To create the executable, simply run make -j
in the root folder, which will create an executable called pandaPIparser
If you are using MacOSX, the default versions of bison and flex are quite old. You need to install a recent version of bison and flex via brew. By default, the path for flex and bison is set to the most common location within a brew installation (which are /opt/homebrew/opt/bison/bin/bison
and /opt/homebrew/opt/flex/bin/flex
). If these paths are not correct for your system, you may alter them by changing the BISON
and FLEX
variables as follows:
BISON=/opt/homebrew/opt/bison/bin/bison FLEX=/opt/homebrew/opt/flex/bin/flex make -j
Note If you are using MacOSX, we compile the parser without the flags -static
and -static-libgcc
as static compilation does not work under MacOSX. This may slow down the parser, but it should not be significant.

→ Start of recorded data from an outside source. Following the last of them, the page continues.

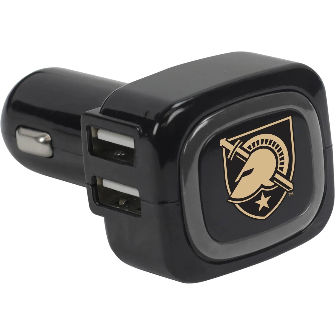 This 4-Port Car Charger from QuikVolt proudly displays the West Point Black Knights logo and includes four 5V/5A USB ports. Opti-Charge technology detects needed power for the device that’s plugged in. Digitally printed logo is prominently featured and the colorful ring lights up when the charger is in use. Charger is compatible with most USB charging cables and is FCC and CE certified and RoHS compliant. Model: C3KB40.
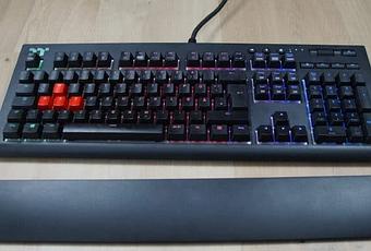 Lorsque vous tenez le TT Premium X1 RGB dans votre main pour la première fois, vous remarquez que vous n’avez pas beaucoup réfléchi à un design extraordinaire. Il n’y a pas d’ornements et tout est simple. On remarque cependant que l’emballage contient 8 capuchons de touches rouges supplémentaires. Ceux-ci sont étiquetés avec Q, W, E, R, A, S, D et F. De plus, un outil d’extraction pour les capuchons est directement inclus dans la livraison. Enfin, le carton contient un repose-poignets amovible, qui ne devrait pas manquer sur les claviers de jeu de haute qualité. La particularité de cette édition est qu’elle est maintenue par des aimants sur le clavier. Cela le maintient fermement attaché au clavier lorsque vous le déplacez, mais en même temps, il peut être retiré sans trop d’effort.
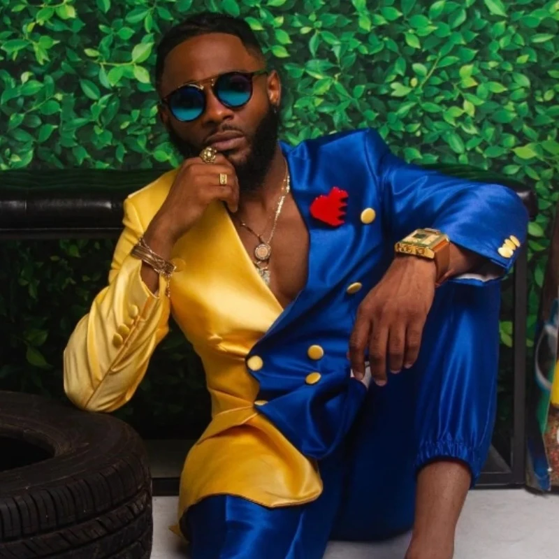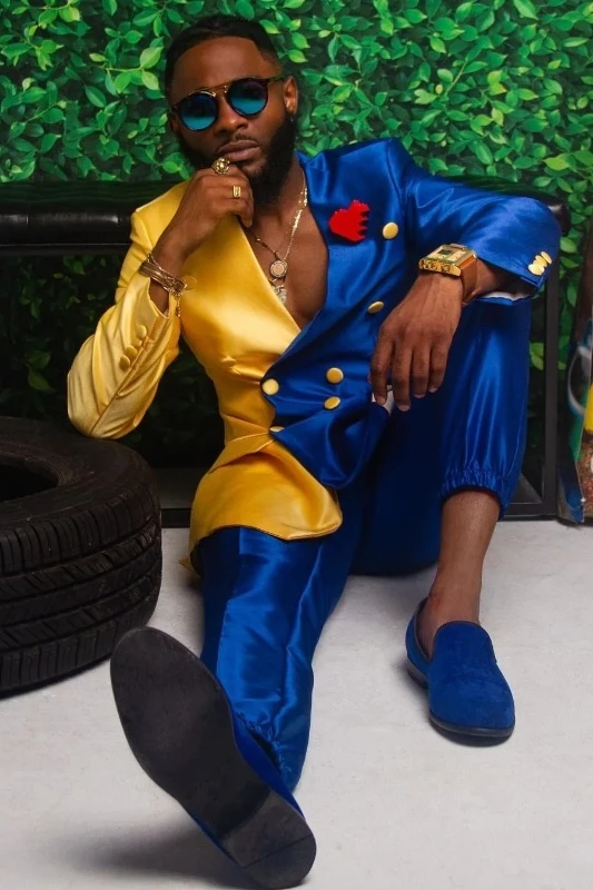 Keith Stylish Blue And Yellow Shawl Lapel Double Breasted Satin Men Suits For Prom
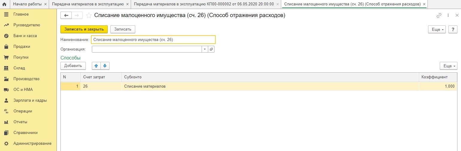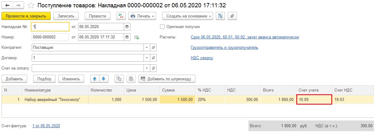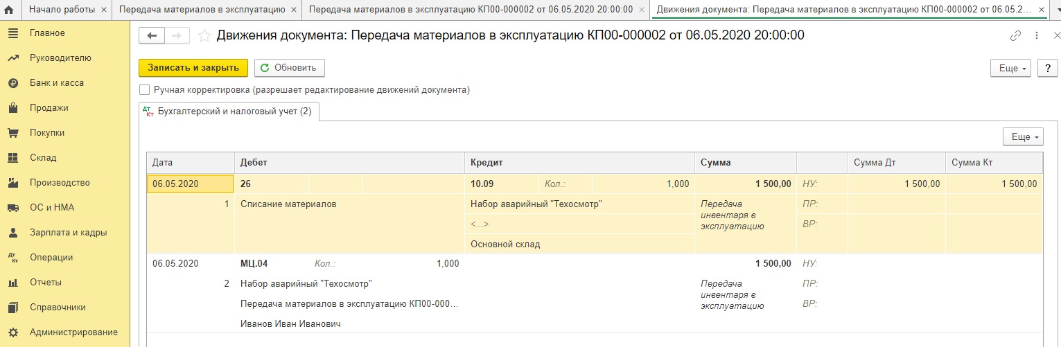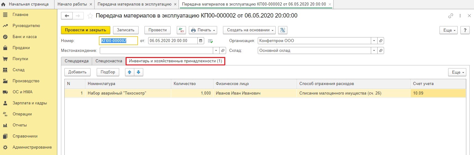 При проведении документ оформит проводки: Дт 26 Кт 10.09, а также отразит этот инвентарь на вспомогательном счёте МЦ.04, чтобы затем получилось сделать пересчет инвентаря в компании.

If you require a debug build (which will cause the parser to output a lot of debugging information to stdout
), you can call the target make debug
. Be aware that you might have to do a full re-build for this to work properly, i.e., a make -Bj debug
.
The parser is called with at least two arguments: the domain and the problem file. Both must be written in HDDL.
The translation from HDDL to PANDA's internal file format is the default behaviour of pandaPIparser. By default, the parser will output the given instance in pandaPI's internal format on standard our. If you pass a third file name, pandaPIparser will instead output the internal representation of the instance to that file. As an example you can call
./pandaPIParser transport.hddl pfile01.hddl transport-pfile01.htn
This will generate a file transport-pfile01.htn
that contains a lifted, but machine readable version of the domain and problem that is read by the pandaPIgrounder.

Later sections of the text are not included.